That was certainly true of Tavia. Despite the difficult things she’d been forced to deal with in her early life, first as an orphan, then as a police officer, Tavia still went through every day thinking life was one miracle after another, which was refreshing, comforting, and, well, enjoyable.
Back in January, I’d flown in for a pre-Olympic security meeting and couldn’t believe how desperately happy I was to see her waiting at the gate. We’d gone out to eat and had a bottle of wine. It had been two months since we’d last seen each other. We caught up. We laughed. We talked shop. She looked fantastic.
About halfway through the evening, I realized that I wasn’t just smitten with her. She’d turned into a good friend, the kind of person I could and did confide in.
Someone very wise once told me that if you want love in your life, you have to go looking for it. So I broke my vow, and over a bottle of Malbec I’d let it slip that I loved working with her and, well, just being with her.
Tavia had cocked her head. “What are you saying, Jack?”
“I’m saying it’s wrong for all sorts of reasons, but I can’t tell you how much I’ve grown to hate being apart from you.”
Tavia hesitated for several beats, but her moistening eyes never looked away from mine before she said, “Then don’t be apart from me ever again.”
Now, standing in her shower, I looked at Tavia washing herself and felt happy and whole, ready to face any challenge. I could do anything my heart desired with this woman by my side.
Tavia rinsed off, looked at me, and smiled. “That’s quite the grin.”
“Is it?”
“Yes. What were you thinking about?”
“True love,” I said, and kissed her.
Chapter 16
WE WALKED UP to the Alem?o favela, rather than taking the gondola, shortly after dawn. The slum was wide awake and throbbing with life. Dads and moms heading off to work. Moms and dads cleaning clothes in buckets or lounging in their doorways to smoke and watch their children dart with the chickens along the haphazard paths.

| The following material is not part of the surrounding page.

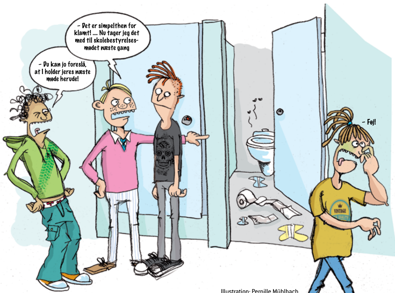
Illustration: Pernille Mühlbach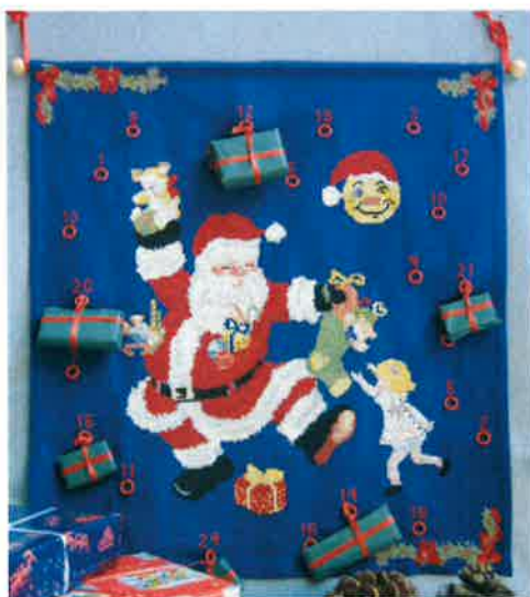
30202 (F) ca. 34 x 60 cm

After the surreal experience of seeing the slum from the sky at night, I was engulfed by it in the daylight. Yes, there was squalor, but the people seemed to make the most of their lives, and so many were smiling and genuinely happy that I kept having to remind myself that it was a dangerous place, the kind of place that could swallow two missing girls.
Everyone we stopped to speak with asked suspiciously if we were cops. Tavia explained again and again that we had been hired by the parents to look for their girls. We got people to look at photographs of the twins. No one recognized them in that part of the slum, more than a mile west of the school yard where my men had been murdered and the twins taken.
“Police are not liked here,” I said after the eighth or ninth person questioned our roles.
Tavia said, “People of the favelas know that police corruption is rampant because the cops are paid so little. It’s very dangerous to be a cop in Rio. They die. Often. So the relationship between the police and the favela fluctuates between mutual admiration, suspicion, and outright war. One of the reasons I left to join Private.”
“Glad you did,” I said.
“Me too,” she said, and she smiled in a pleased and playful way.
We kept moving through the slum toward the kidnap site, talking to people, showing pictures. And getting nothing.
There had to be a better way to do this, I thought.
“So they don’t trust the cops,” I said. “Who do they trust? Who hears things? The priests?”
“Maybe priests, but I don’t know how we’d find…wait.”
“What?”
“I know someone who might know something. Not a priest. An old acquaintance of mine here in Alem?o. Why didn’t I think of her before?”
Twenty minutes later we entered a small crowded public medical clinic on the eastern edge of the slum. Tavia went to the window, identified herself, and asked to see Mariana.
The receptionist disappeared but quickly came back to open the door and lead us in. The hallway was crowded with supplies, and we had to squeeze past seriously ill people lying on gurneys.
“Wish I had a surgical mask,” I said as we rounded a corner and almost ran into a woman standing there.
“Good thinking,” the woman said, handing me one. A kind, grandmotherly type in her sixties, she wore her gray hair in a braid and had an earth-mother style to her clothes.
“Mariana Lopes,” Tavia said, throwing her arms around the woman, who hugged her back. “Long time.”
Tavia introduced me and said Lopes was something of a saint around the favelas, which caused the woman to blush and wave her off. Later I would learn that in addition to the medical clinic, Lopes ran an orphanage and an after-school program for favela kids, all on a shoestring budget.
“She’s around a lot of people,” Tavia explained. “She listens to street kids, who often see things adults don’t see, or don’t want to see.”
“If you say so, dear,” Lopes said. “How can I help you?”